» **Requirement**:
Exclude all images and print the entries below exactly.

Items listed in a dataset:
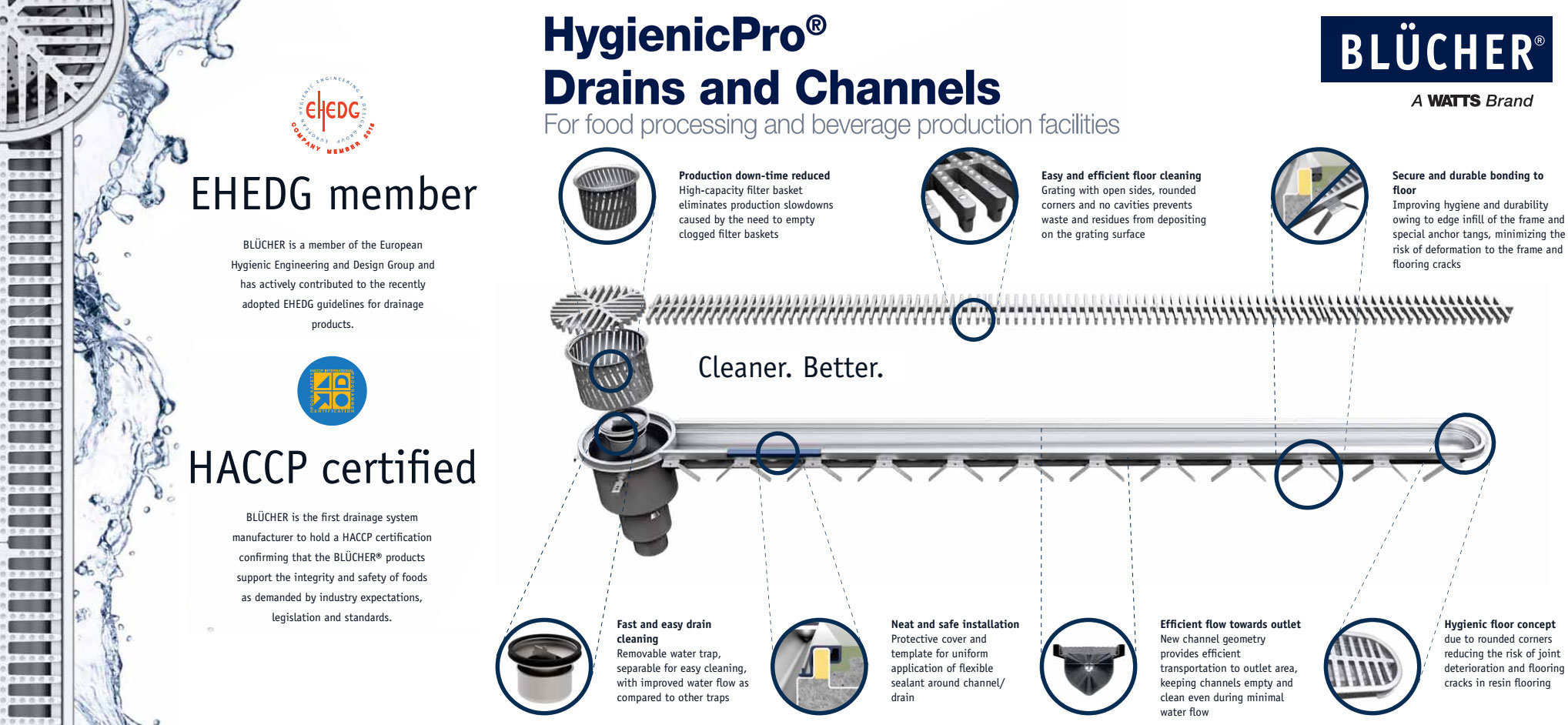 Based on 50 years’ experience in the production of stainless steel drainage system, BLÜCHER has taken up the challenge and is now introducing the HygienicPro® drainage products for the food processing industry. / Dựa trên 50 năm kinh nghiệm trong sản xuất hệ thống thoát nước bằng thép không gỉ, BLÜCHER đã đón nhận thách thức và hiện giới thiệu dòng sản phẩm HygienicPro® dành cho ngành công nghiệp chế biến thực phẩm.
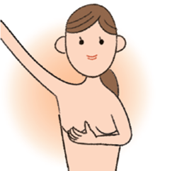 乳房や乳首をしぼるようにして、乳首から分泌物が出ないか調べます。その後、乳房に石鹸などをつけて滑りやすくし、4本の指を乳房に当て指を何度か滑らせ両脇の下のリンパ節も調べます。
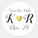 'Save the Date' design with the image of a small faux gold heart and with the bride and groom initials
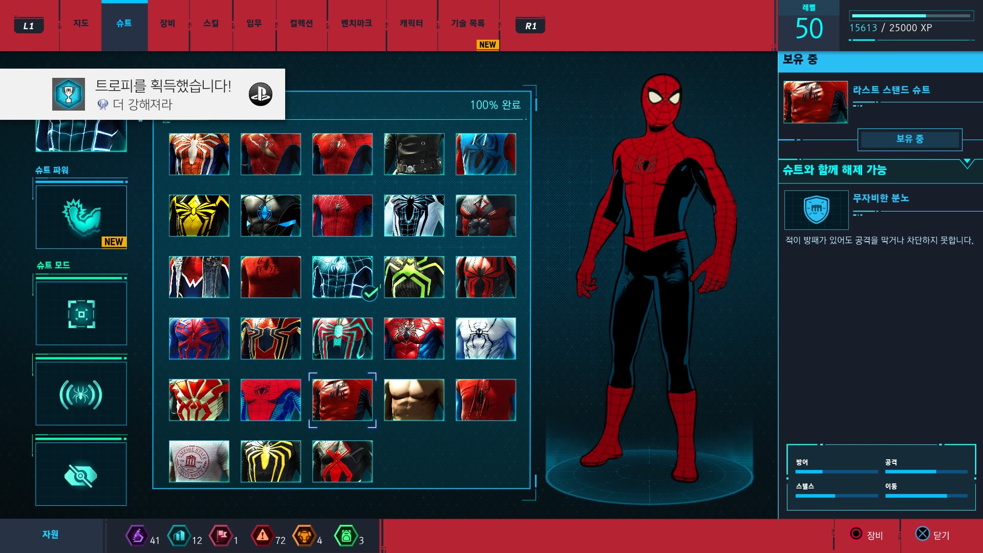 게임의 장점이라면 수트를 이것저것 바꿔 낄 수 있다는 점인데, 그냥 주어지는 건 아니고 서브 미션을 완료하거나 미션을 진행하면서 획득한 토큰을 사용해 제작 또는 스토리상 자동으로 해금됩니다. 각 슈트를 얻을 때마다 슈트와 함께 해제되는 '슈트 파워'라는 게 있는데 슈트의 자체 능력 때문에 입기 싫은 슈트를 입는 게 아니라 슈트에 능력을 장착하여 입고 싶은 슈트를 입으면서 사용하고 싶은 능력을 쓸 수 있다는 건 아주 큰 매력이자 장점입니다.
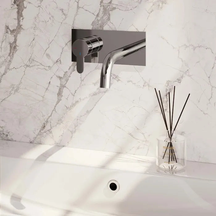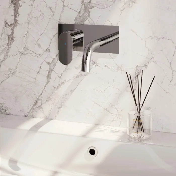 Brauer Edition, carving of stripe | Inbouw wastafelkraan met gebogen uitloop en rozetten
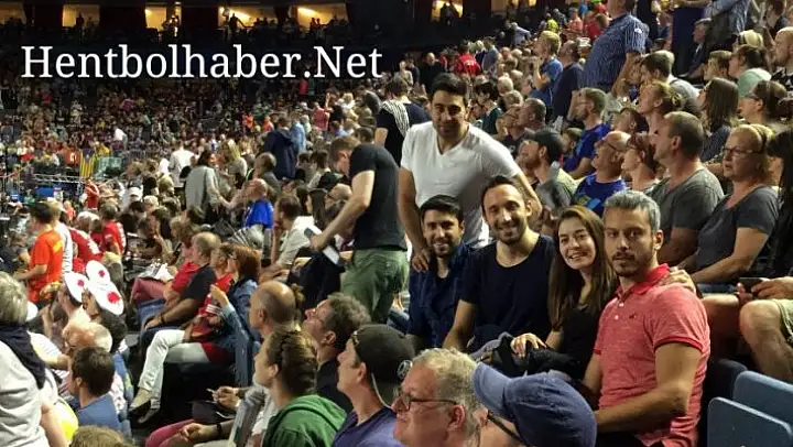 Müsabakaları takip eden oyuncularımız Hentbolhaber.Net, poz vererek tüm hentbol severlerin buradaki çoşkuyu yaşanmaları gerektiğini aktardılar.
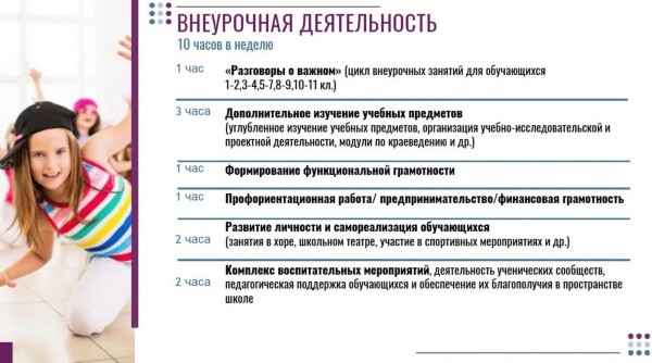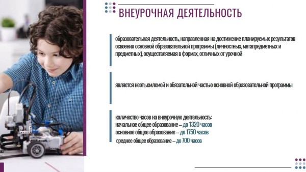 Внеурочная деятельность школьников- это совокупность всех видов деятельности, в которой в соответствии с основной образовательной программой образовательного учреждения решаются задачи воспитания и социализции, развития интересов, формирования универсальных учебных действий. Внеурочная деятельность может быть организована по следующим видам деятельности: игровая, познавательная, досугово-развлекательная деятельность, художественное творчество, техническое творчество, спортивно-оздоровительная деятельность и т. д.
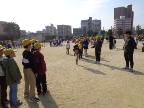 お昼休みには,お日様が顔を出し,少し暖かく感じました。汗をかいている人もいました!元気です!

» **Exercise solution**:
 Based on 50 years’ experience in the production of stainless steel drainage system, BLÜCHER has taken up the challenge and is now introducing the HygienicPro® drainage products for the food processing industry. / Dựa trên 50 năm kinh nghiệm trong sản xuất hệ thống thoát nước bằng thép không gỉ, BLÜCHER đã đón nhận thách thức và hiện giới thiệu dòng sản phẩm HygienicPro® dành cho ngành công nghiệp chế biến thực phẩm.
 乳房や乳首をしぼるようにして、乳首から分泌物が出ないか調べます。その後、乳房に石鹸などをつけて滑りやすくし、4本の指を乳房に当て指を何度か滑らせ両脇の下のリンパ節も調べます。
 'Save the Date' design with the image of a small faux gold heart and with the bride and groom initials
 게임의 장점이라면 수트를 이것저것 바꿔 낄 수 있다는 점인데, 그냥 주어지는 건 아니고 서브 미션을 완료하거나 미션을 진행하면서 획득한 토큰을 사용해 제작 또는 스토리상 자동으로 해금됩니다. 각 슈트를 얻을 때마다 슈트와 함께 해제되는 '슈트 파워'라는 게 있는데 슈트의 자체 능력 때문에 입기 싫은 슈트를 입는 게 아니라 슈트에 능력을 장착하여 입고 싶은 슈트를 입으면서 사용하고 싶은 능력을 쓸 수 있다는 건 아주 큰 매력이자 장점입니다.
 Brauer Edition, carving of stripe | Inbouw wastafelkraan met gebogen uitloop en rozetten
 Müsabakaları takip eden oyuncularımız Hentbolhaber.Net, poz vererek tüm hentbol severlerin buradaki çoşkuyu yaşanmaları gerektiğini aktardılar.
 Внеурочная деятельность школьников- это совокупность всех видов деятельности, в которой в соответствии с основной образовательной программой образовательного учреждения решаются задачи воспитания и социализции, развития интересов, формирования универсальных учебных действий. Внеурочная деятельность может быть организована по следующим видам деятельности: игровая, познавательная, досугово-развлекательная деятельность, художественное творчество, техническое творчество, спортивно-оздоровительная деятельность и т. д.
 お昼休みには,お日様が顔を出し,少し暖かく感じました。汗をかいている人もいました!元気です!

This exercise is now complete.